Его основателем и хозяином был не кто иной, как сам Алексей Александрович Бахрушин. Потомок купцов-прасолов, известный и популярнейший благотворитель, он был одним из двух почетных граждан города Москвы (другой — князь Голицын, бывший городской голова), единственным купцом, получившим генеральский чин (кажется, за перестройку музея Академии наук), а вместе с чином, само собой, и дворянство. Виднейший меценат, фанатик театрального дела, суровый, требовательный и в то же время тотально справедливый, по-отечески любящий своих актеров. В своем особняке на Кузнецкой улице (где ныне знаменитый музей его имени) он часто устраивал обеды для своей труппы — притом нередко в театрализованной форме. То была некая смесь капустника и застолья. Надо ли говорить, что все актеры бахрушинского театра были патриотами и этого театра, и его хозяина?
Личность Бахрушина воистину была уникальна. Ведь ему наверняка было не очень-то выгодно отпускать своих актеров на «отхожий промысел» (да еще такой сомнительный, как синематограф). Как всякий патриот театра, он не мог относиться к тогдашней «киношке» не свысока. Тем не менее, будучи разумным и честным купцом — а по сути, доподлинным интеллигентом, — он не стал чинить препятствий зачинателям этого новомодного дела. С осторожным любопытством реагировал на все страстные уговоры Гончарова. Ханжонков поддакивал.
Оба пустили в ход все свое красноречие, чтобы убедить Бахрушина и его артистов испытать себя на новом поприще. Взахлеб говорили, что кино только-только разминает свои мускулы, что у него небывалое будущее, что пора уже вспомнить о своих великих традициях и начать производство собственных фильмов, отражающих русскую историю, русскую жизнь, русские нравы и обычаи. Ну и не преминули упомянуть про серьезное вознаграждение.
Несмотря на все уговоры, большинство актеров все же предпочли не связываться с кинематографом. Зато молодые решили рискнуть. Однофамилица режиссера, уже известная нам Шурочка Гончарова оказалась в своем роде единственной — самой молодой и самой преуспевшей. Ей — миловидной, начитанной, наделенной добрым покладистым нравом, страстно любящей сцену, — как бы само собой была уготована роль звезды.

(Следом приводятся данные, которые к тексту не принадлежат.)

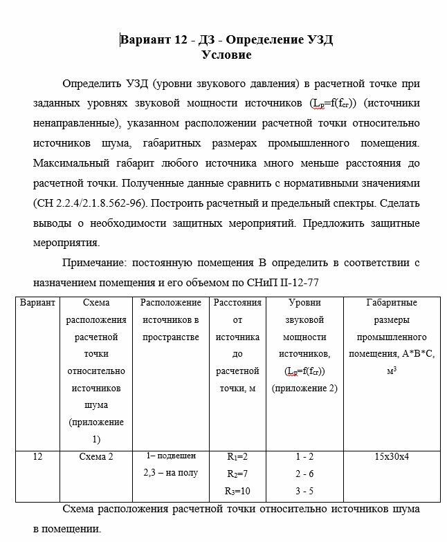 Определить УЗД (уровни звукового давления) в расчетной точке при заданных уровнях звуковой мощности источников (Lp=f(fсг)) (источники ненаправленные), указанном расположении расчетной точки относительно источников шума, габаритных размерах промышленного помещения. Максимальный габарит любого источника много меньше расстояния до расчетной точки. Полученные данные сравнить с нормативными значениями (СН 2.2.4/2.1.8.562-96). Построить расчетный и предельный спектры. Сделать выводы о необходимости защитных мероприятий. Предложить защитные мероприятия.

Можно представить, каково было ей, молоденькой и неопытной девочке, на этих съемках. Вот сейчас включатся рампа, юпитеры, затрещит съемочный аппарат, и Василий Михайлович, теряя всякое самообладание, начнет кричать, размахивать руками, хлопать в ладоши, хвататься за голову и так остро переживать происходящее, что в какой-то момент вырвется за пределы дозволенного — собьет с места и оператора, и аппарат, влезет внутрь картинки и, только всласть отведя душу, схватится за сердце и слегка успокоится.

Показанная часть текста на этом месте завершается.